Am Montag haben Polizisten das Gelände aber weiträumig abgeschirmt. Nur in kleinen Gruppen dürfen die Demonstranten noch vorbeilaufen. Am Nachmittag kam dann auch der offizielle Appell der Zentralregierung: Die Demonstranten sollten sich doch in einer „gesitteten, vernünftigen und rechtmäßigen“ Weise verhalten. Das Signal ist klar: Proteste gegen Japan ja, aber sie sollen nicht aus dem Ruder laufen. Zu groß die Befürchtung, in dem autoritär geführten Staat könnten sie sich auch schnell gegen die eigene Führung richten.
Trotzdem könnte die antijapanische am Dienstag einen neuen Höhepunkt erreichen. Zum 81. Mal jährt sich der Mukden-Zwischenfall, den Japans Militär damals als Vorwand genutzt hat, um Chinas Kernland anzugreifen. Zudem sind am Montag hunderte Fischer in Richtung der Inseln aufgebrochen.
China und Japan streiten seit mehreren Wochen heftig um eine kleine Inselgruppe im ostchinesischen Meer. Beide Länder reklamieren die unbewohnten Inseln, die in Japan Senkaku und in China Diaoyu heißen, für sich. Neben den reichhaltigen Fischbeständen vermuten beide Länder im umliegenden Gewässer Öl und Gas.
Vor allem am Wochenende hatte sich Japan-Hass entladen. Neben Demonstrationen vor der japanischen Botschaft in Peking verübten in der Stadt Qingdao Unbekannte einen Brandanschlag auf ein Werk des japanischen Elektronikunternehmens Panasonic und in Chengdu auf eine Fabrik von Toyota. Neben Panasonic kündigte auch Canon an, seine Werke in China vorläufig zu schließen.
USA in der Zwickmühle
Die Volkszeitung, das Parteiorgan der kommunistischen Führung, drohte offen mit Wirtschaftssanktionen. Diese könnten dem hoch industrialisierten Inselstaat tatsächlich großen Schaden zufügen. Weite Teile der Produktion japanischer Unternehmen sind nach China ausgelagert. Zudem ist vor allem die Elektronik- und Autoindustrie vom Import seltener Rohstoffe aus dem Reich der Mitte angewiesen.

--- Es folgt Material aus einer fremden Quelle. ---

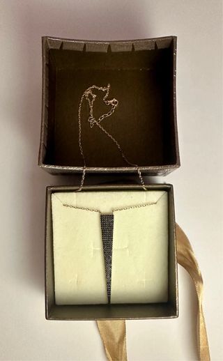 Elegante collana in argento con un pendente a forma di punta realizzato con cristalli Swarovski neri. - Lunghezza catena regolabile. - Chiusura a moschettone. - Design moderno e raffinato.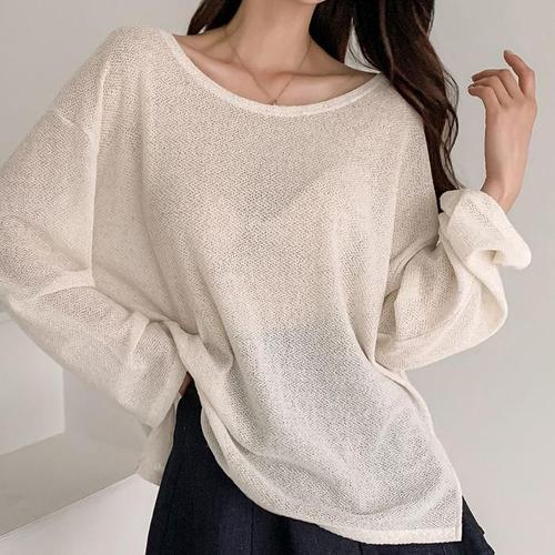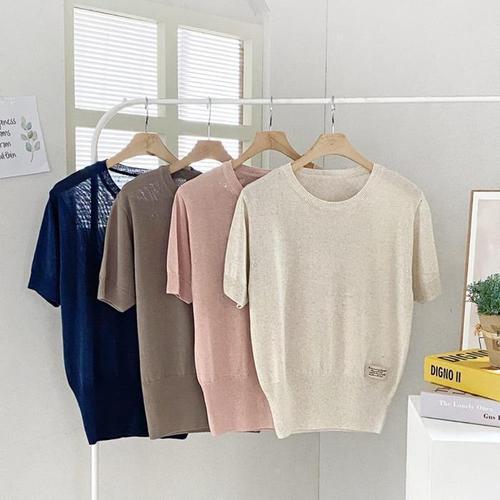 [다잇템]여성 클래식 베이직 반소매 쿨 U넥 마원단 니트_3 (17799827A)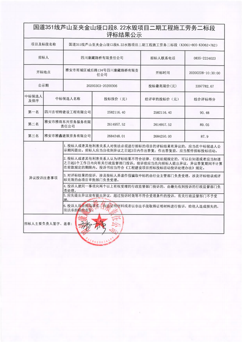 四川康藏路橋有限責(zé)任公司國道351線蘆山至夾金山埡口段8.22水毀項(xiàng)目二期工程施工勞務(wù)二標(biāo)段評(píng)標(biāo)結(jié)果公示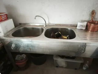 Fregadero de acero inoxidable de gran tamaño, ideal para cocinas profesionales o para quienes necesitan un espacio de lavado amplio. - Medidas 170 x 90 x 60 cm de fondo. - Fabricado en acero inoxidable. - Doble seno. - Grifo incluido. - Falta la bandeja inferior.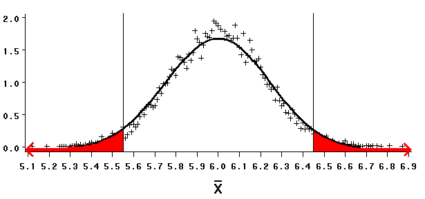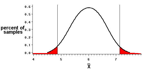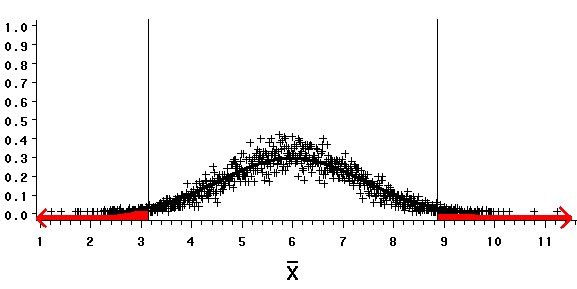 In our current example (Ho: m0=6, s2=2.5), we accepted a type 1 error of 0.05 and calculated two sample means, 4.87 and 7.13, that formed boundaries for the rejection regions.

Und auch die USA zeigen sich alarmiert. US-Verteidigungsminister Leon Panetta bat bei einer Visite in Tokio beide Seiten um Zurückhaltung. Es sei im Interesse aller, dass die größten Volkswirtschaften Asiens gute Beziehungen pflegen.
Die Amerikaner sind in einem Dilemma: Sie haben sich vertraglich verpflichtet, Japan militärisch bei einem Angriff beizustehen. Zugleich möchten sie nicht in Krieg mit der Volksrepublik treten. China ist der größte Kreditgeber der USA.